Boyah is a pirate. One of the original “Old Boys”, he quietly pursued his trade in the waters of his coastal home town of Eyl, years before it galvanised the world's imagination as Somalia's infamous “pirate haven”. Boyah is dismissive of the recent poseurs, the headline-grabbers who have bathed in the international media spotlight and it shows; he exudes a self-assured superiority.
Pirates are easy to spot on the streets of Garowe, the regional capital: their Toyota 4x4s cluster around equally new white-washed mansions on the edge of town. But to approach them, I am warned, is to invite kidnapping or robbery. In Somalia, everything is done through connections, be they clan, family, or friend, and Mohamed, my interpreter, was on and off the phone for almost a week to coax his network into producing Boyah.
Our meeting takes place at a virtually deserted farm 15km outside Garowe. Mohamed is the son of the newly elected president of Puntland and does not want to be seen in public cavorting with pirates. Moreover, Boyah has recently contracted tuberculosis and Mohamed insists that we meet him in an open space.
As we step out of our vehicles, I catch my first glimpse of Boyah. Immensely tall and disconcertingly menacing, he is wearing a ma'awis, the traditional robe of a clan elder, and a cimaamad, a decorative shawl. On his feet is a pair of shiny onyx leather sandals. He weaves his way around the tomato plants and lemon trees, before settling in a shady clearing, where he squats down. Other than the farm's owners, there is no one near by, yet the two AK-47-toting police escorts, who accompany me wherever I go, stand guard with an amusing military officiousness.
Asking my first question through my interpreter, I hesitate to use the word “pirate”. Somali pirates are aware enough of themselves in the international media that the word has become part of their vernacular but its closest Somali translation is burcad badeed, which means “ocean robber”, a political statement I am anxious to avoid. Boyah likes to refer to him and his comades as badaadinta badah, “saviours of the sea”, a term that is most often translated in the English-speaking media as “coastguard”. Boyah jokes that he is the “Chief of the Coastguard”, a title he evokes with pride. To him, his actions have been about protecting his sea; his hijackings, a legitimate form of taxation levied in abstentia on behalf of a defunct government that he represents in spirit, if not in law.
His story is typical of many who have turned to piracy since the onset of the civil war. Fourteen years ago, he was still working as a lobster diver in Eyl - “one of the best”, he says. Since then, according to Boyah, these reefs off Eyl have been devastated by foreign fishing fleets - mostly Chinese, Taiwanese and Korean - using steel-pronged dragnets. He says that there are no longer lobsters to be found locally, a claim partially corroborated by a 2005 UN Development Project report into the depletion of local stocks.

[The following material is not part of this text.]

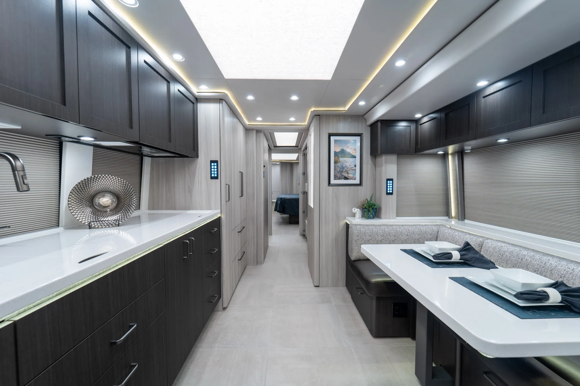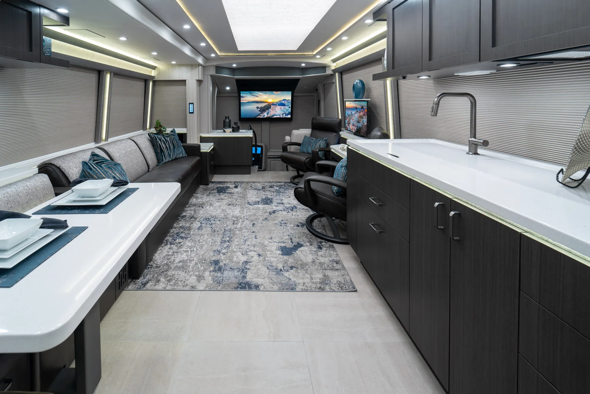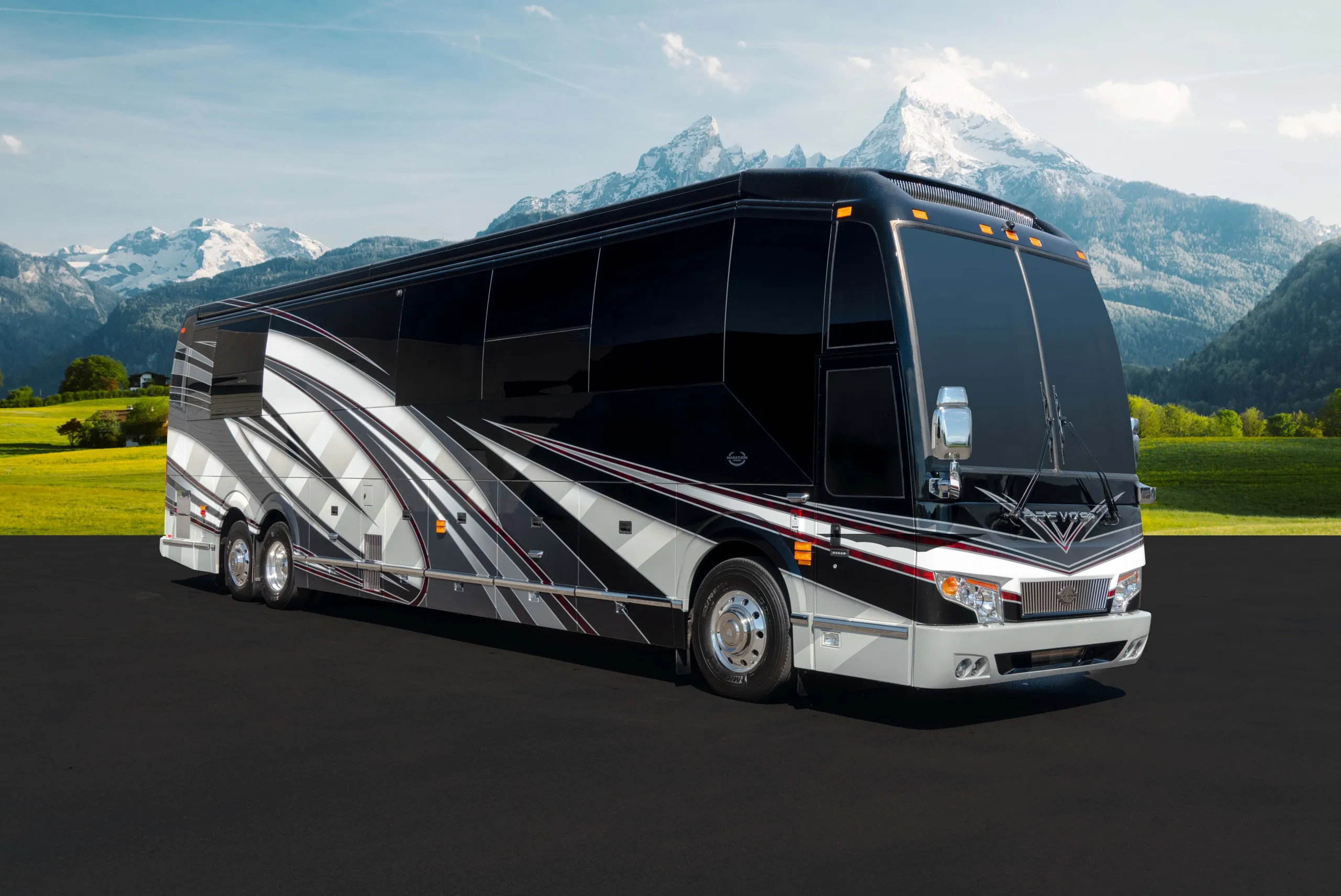 A modern Marathon Coach designed around integrated systems, comfortable interior spaces, and a layout well suited for extended travel with confidence.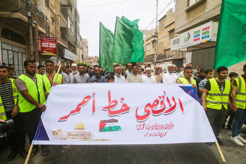 Palestinians in Khan Younis, southern Gaza Strip, show their support for al-Aqsa mosque on 26 May. The banner reads: “Al-Aqsa is a red line,” a position held by Hamas, which refrained from responding militarily to Israel’s assassination of Islamic Jihad leaders in Gaza earlier in the month.

From 1995 to 1997, Boyah and others captured three foreign fishing vessels, keeping the catch and ransoming the crew. He boasts that he received an $800,000 bounty for one ship. When the foreign fishing fleets entered into protection contracts with local warlords, making armed guards and anti-aircraft guns fixtures on ships, Boyah and his men went after commercial shipping vessels instead.
Boyah says that there are about 500 pirates operating in the area, over whom he serves as “chairman”. Eyl's pirate groups function as a loose confederation, and Boyah is a key organiser, recruiter, financier and mission commander, rather than a traditional crime boss, but he claims that all applicants for the position of Pirate (Eyl Division) must come to him. Boyah's sole criteria for a recruit are that he has to own a gun, and that he must “[be] a hero, and accept death” - qualities that grace the CVs of many local youth.

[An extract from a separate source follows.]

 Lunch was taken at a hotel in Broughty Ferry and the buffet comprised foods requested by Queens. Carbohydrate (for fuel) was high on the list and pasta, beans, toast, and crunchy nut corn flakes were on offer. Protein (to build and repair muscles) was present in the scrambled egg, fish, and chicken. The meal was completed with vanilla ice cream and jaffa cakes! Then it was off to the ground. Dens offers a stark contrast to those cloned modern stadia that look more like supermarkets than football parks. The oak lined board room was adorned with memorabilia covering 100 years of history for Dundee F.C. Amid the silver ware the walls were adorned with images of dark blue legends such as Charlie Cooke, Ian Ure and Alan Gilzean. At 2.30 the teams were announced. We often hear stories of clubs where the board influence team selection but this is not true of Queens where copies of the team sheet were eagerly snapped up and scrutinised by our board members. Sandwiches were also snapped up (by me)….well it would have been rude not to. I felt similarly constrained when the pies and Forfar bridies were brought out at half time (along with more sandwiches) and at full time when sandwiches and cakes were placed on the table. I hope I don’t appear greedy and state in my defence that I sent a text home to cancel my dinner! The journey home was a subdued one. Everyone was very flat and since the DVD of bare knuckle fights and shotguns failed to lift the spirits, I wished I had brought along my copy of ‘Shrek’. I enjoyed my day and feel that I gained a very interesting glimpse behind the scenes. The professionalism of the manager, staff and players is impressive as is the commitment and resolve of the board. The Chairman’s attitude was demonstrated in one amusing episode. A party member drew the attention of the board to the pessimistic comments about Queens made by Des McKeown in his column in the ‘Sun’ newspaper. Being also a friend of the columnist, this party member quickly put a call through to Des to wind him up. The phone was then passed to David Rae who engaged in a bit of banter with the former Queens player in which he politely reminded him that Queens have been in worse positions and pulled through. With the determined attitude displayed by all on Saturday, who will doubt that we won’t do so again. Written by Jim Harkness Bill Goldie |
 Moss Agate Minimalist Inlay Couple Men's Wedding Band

Turnover in Boyah's core group is low; when I ask if his men ever use their new-found wealth to leave Somalia, he laughs: “The only way they leave is when they die.” He adds that a member of his band departed last night, dying in his sleep of undisclosed reasons.

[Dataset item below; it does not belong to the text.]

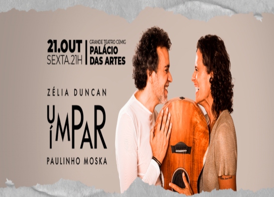 Em um show inédito, Moska e Zélia, juntos, na turnê, “Um par ímpar”, se apresentam no dia 21 de outubro, sexta, às 21 horas, no Grande Teatro do Palácio das Artes, com um show pra lá de especial.
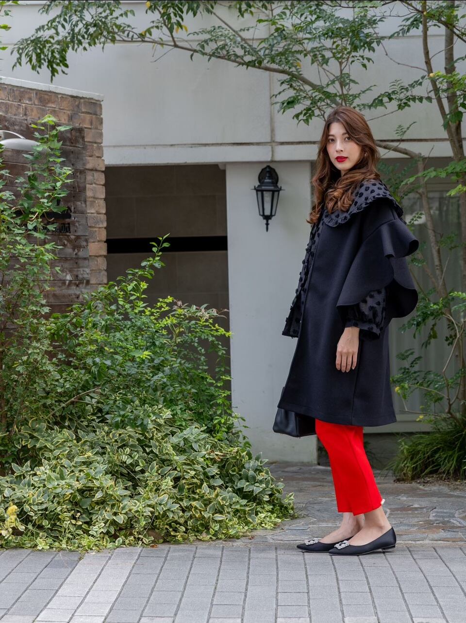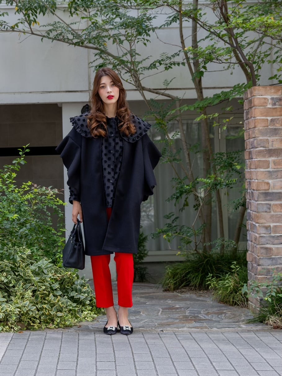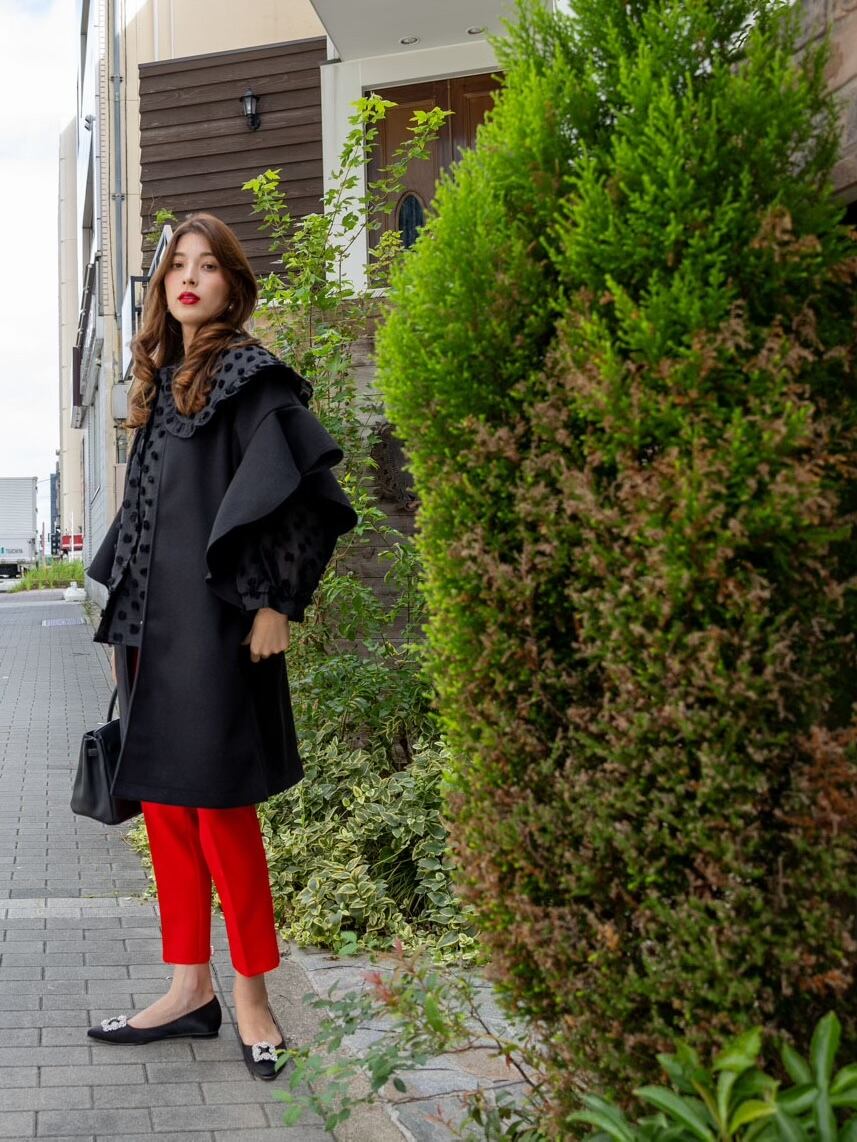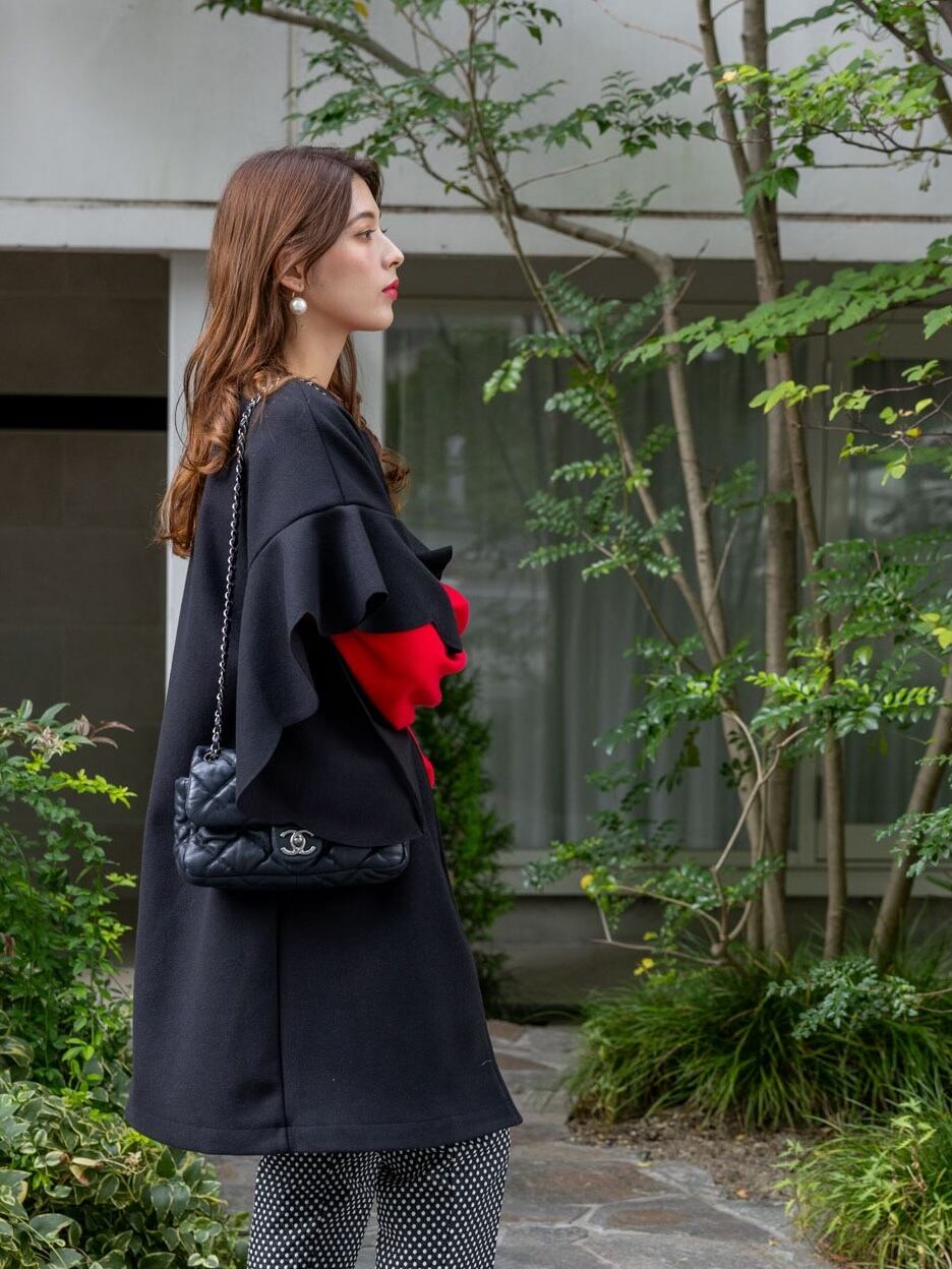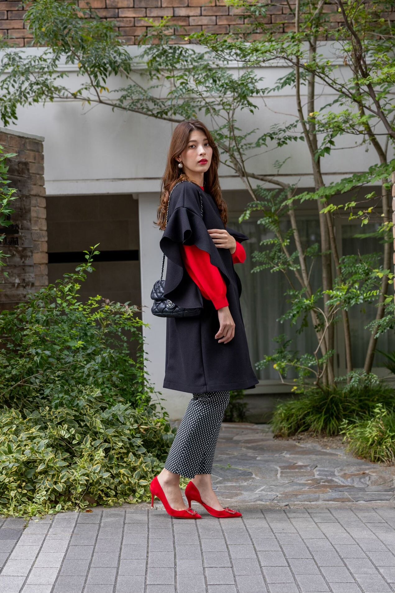 スカラップカットを施した立体的な袖がデザインのポイントに。

When it comes to targets, Boyah's standards are not very exacting. He says that his men go after any ship that wanders into their sights. He separates his prey into “commercial” and “tourist” ships. The commercial ships, identifiable by the cranes on their decks, are slower and easier to capture. Boyah has gone after too many of these to remember. He claims to employ different tactics for different ships, but the basic strategy is that several skiffs will approach from all sides, swarming like a waterborne wolfpack. If brandishing their weapons fails to frighten the ship's crew into stopping, they fire into the air. If that doesn't do it, and if the target ship is incapable of outperforming the 85 to 150 horsepower engines on their skiffs, they pull alongside their target, toss hooked rope ladders on to the decks and board the ship. Resistance is rare.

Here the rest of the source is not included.